Folketrygdfondet, which runs the domestic and Nordic assets segment of Norway’s sovereign wealth fund, said pay for top executives was a major reason why it voted against management in this year’s shareholder meetings, and singled out the corporate governance code of neighbouring Sweden for criticism.

In a post on its website, the Oslo-based manager of the Government Pension Fund Norway (GPFN), said voting against remuneration schemes for senior executives and the composition of company boards had been key issues in this year’s annual general meeting (AGM) season, from its perspective.

Folketrydfondet said that as well as in Norway, it had also been active at AGMs in its Nordic neighbours, and that most cases when it had voted against management in these other countries had been about the company’s chief executive officer also sitting on the company’s board – something the asset management firm said it saw particularly in Sweden.

Annie Bersagel, portfolio manager ESG at Folketrydfondet, said:“The Swedish recommendation for corporate governance allows up to one member of the group management to sit on the board.

“We believe this is unfortunate, as one of the board’s main tasks is to control the management of the company,” she said.

In Norway, the firm said in the post, it was forbidden for the group management of ASA-registered companies to sit on the board.

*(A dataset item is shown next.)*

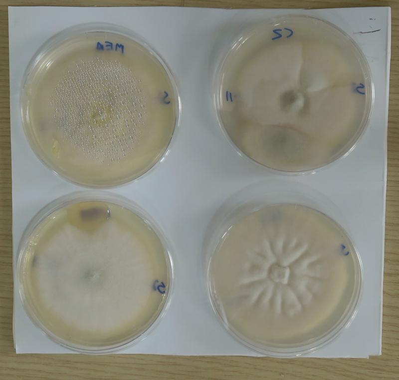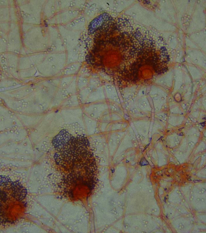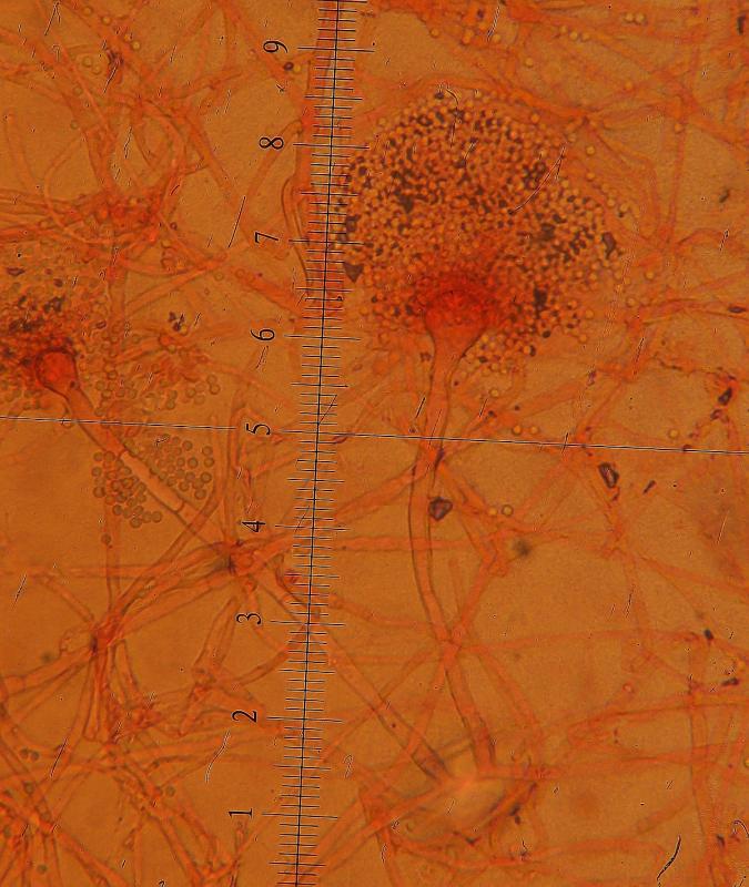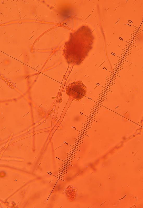 I was trying to recultivate a species of Talaromyces growing on Washingtonia seeds fallen on the soil. The seeds and specimen was dried at room temp. Months later, I tried to recultivate the Talaromyces from the seed husks, kernels, etc and I got instead a range of interesting microfungi including three Aspergillus sp.One of them formed white colonies, fast growing at 24C but on a closer look they had few grey-green conidiophores with shortly columnar conidial heads. The Vesicles were subglobular, 10-18um wide, with one series phialides about 6um long, emerging from about 2/3 of the vesicle (not fully radiating). Conidia in dense inticated chains forming 50-80um columnar or subglobose heads, each conidiospore 2.5um, sphereical, greyish-green. Conidiophores smooth, 60-120um long, 5-7um wide, somewhat expanding below the vesicle (but not always),
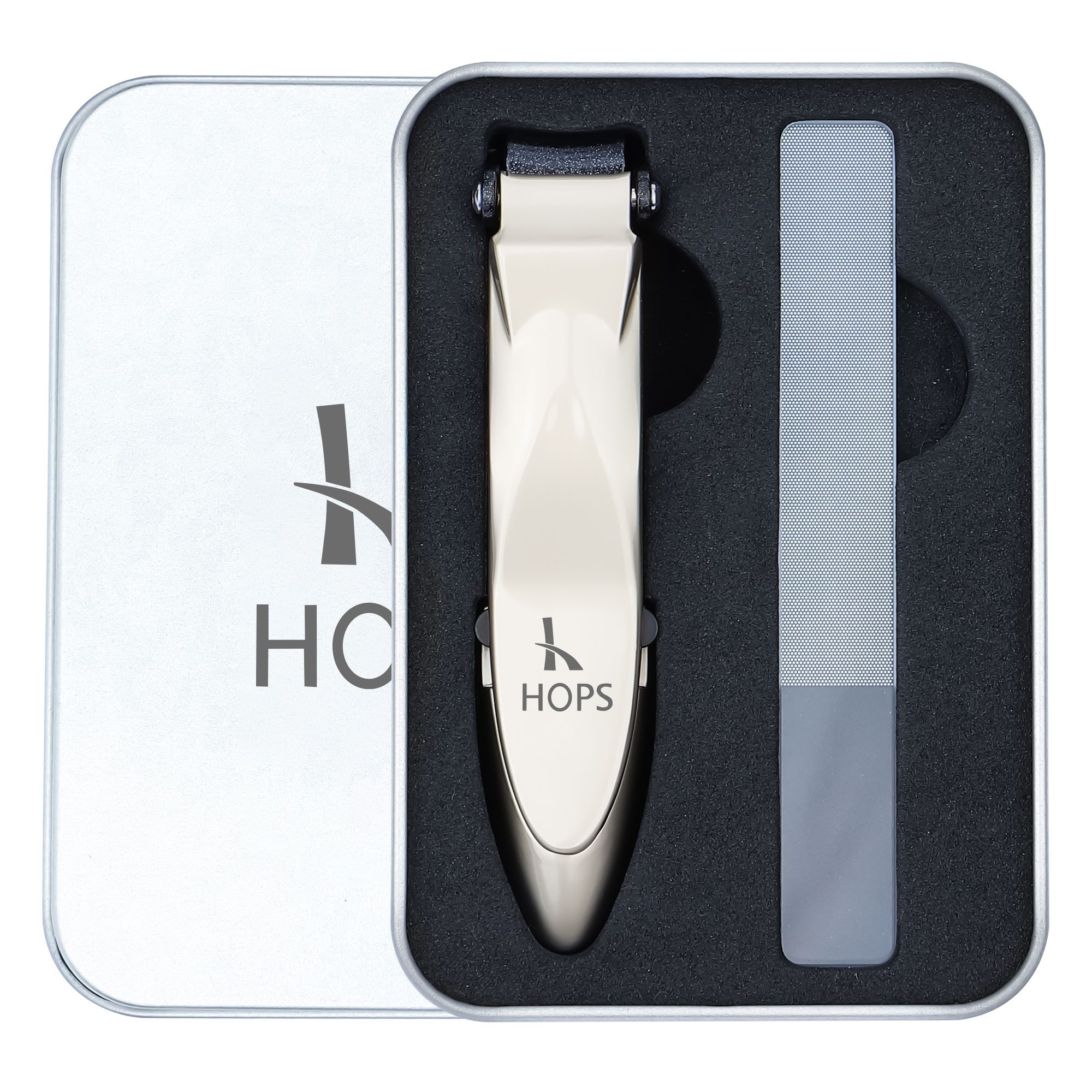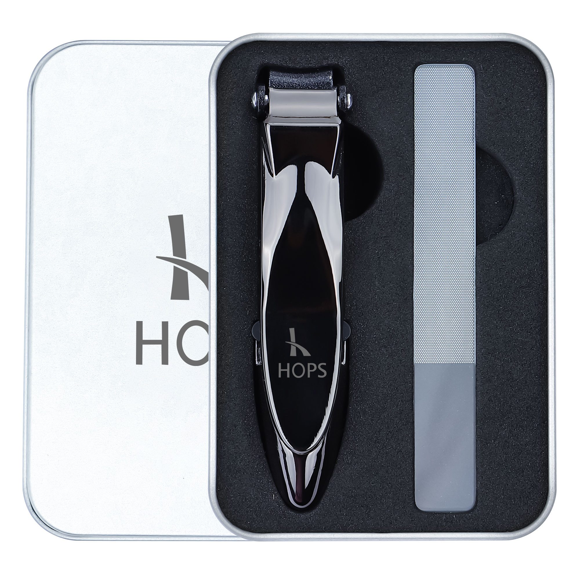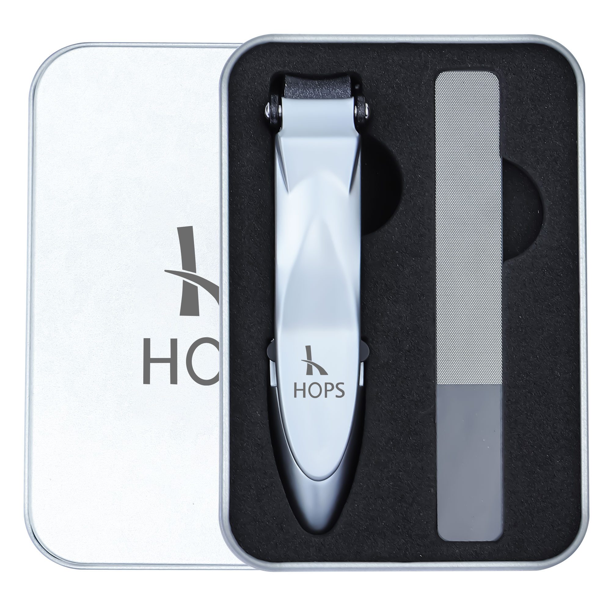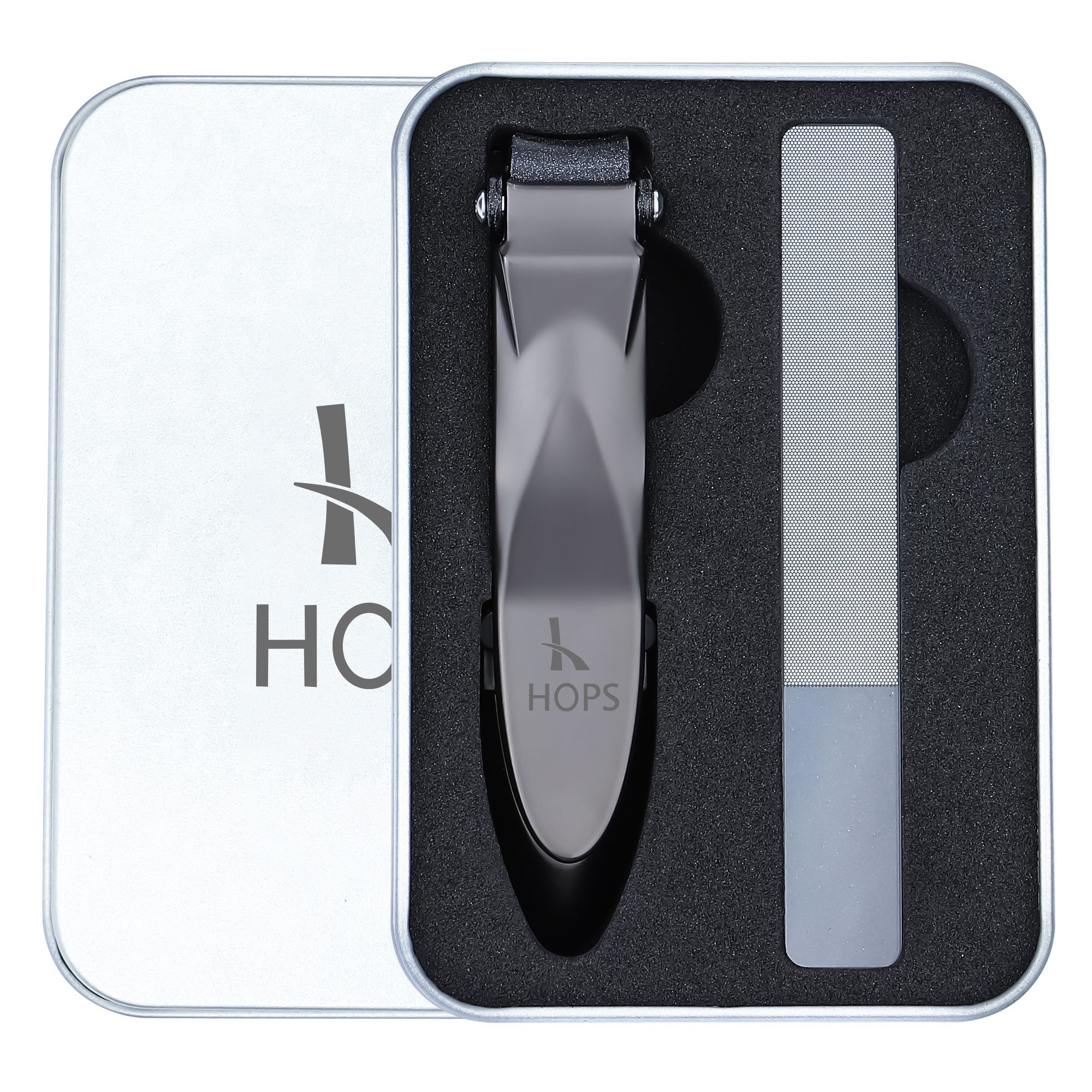 NAGELKNIPSER MIT FEILE UND AUFFANGBEHÄLTER IN GESCHENKBOX: HOPS Nagelknipser Set ist ein ideales Geschenk für Männer, Frauen oder Freunde.

Folketrygdfondet manages GPFN, the smaller part of Norway’s overall SWF which includes the much larger, and higher-profile, Government Pension Fund Global.

The NOK333bn (€32.2bn) GPFN invests according to a benchmark consisting of 60% equities and 40% bonds, with a geographical allocation of 85% to Norway and 15% to the rest of the Nordic region.

In total, Folketrygdfondet said, it had voted against 58 board proposals this spring.

In the Norwegian market, it had been first and foremost remuneration schemes for senior executives that it had voted against, the manager said.

“The most common reasons why we vote against such schemes are unreasonable scope due to the lack of a maximum ceiling on the scheme,” said Bersagel.

At several AGMs, Folketrygdfondet said it had also voted against issue authorisations – mainly those associated with share-based incentive schemes.

In general, the SWF manager said it was a positive thing that staff and board members owned shares in the company – as this motivated long-term value creation.

But the proposals it had voted against had lacked incentive schemes, Folketrygdfondet said – a shortcoming it said could lead to an unreasonable transfer of value from shareholders to senior figures in the company.

Folketrygdfondet also said that in its view, board members should not be covered by incentive-based schemes.

“This is also stated in the Norwegian recommendation for corporate governance. It is unfortunate if the board manages an incentive scheme in which they participate,” the firm said.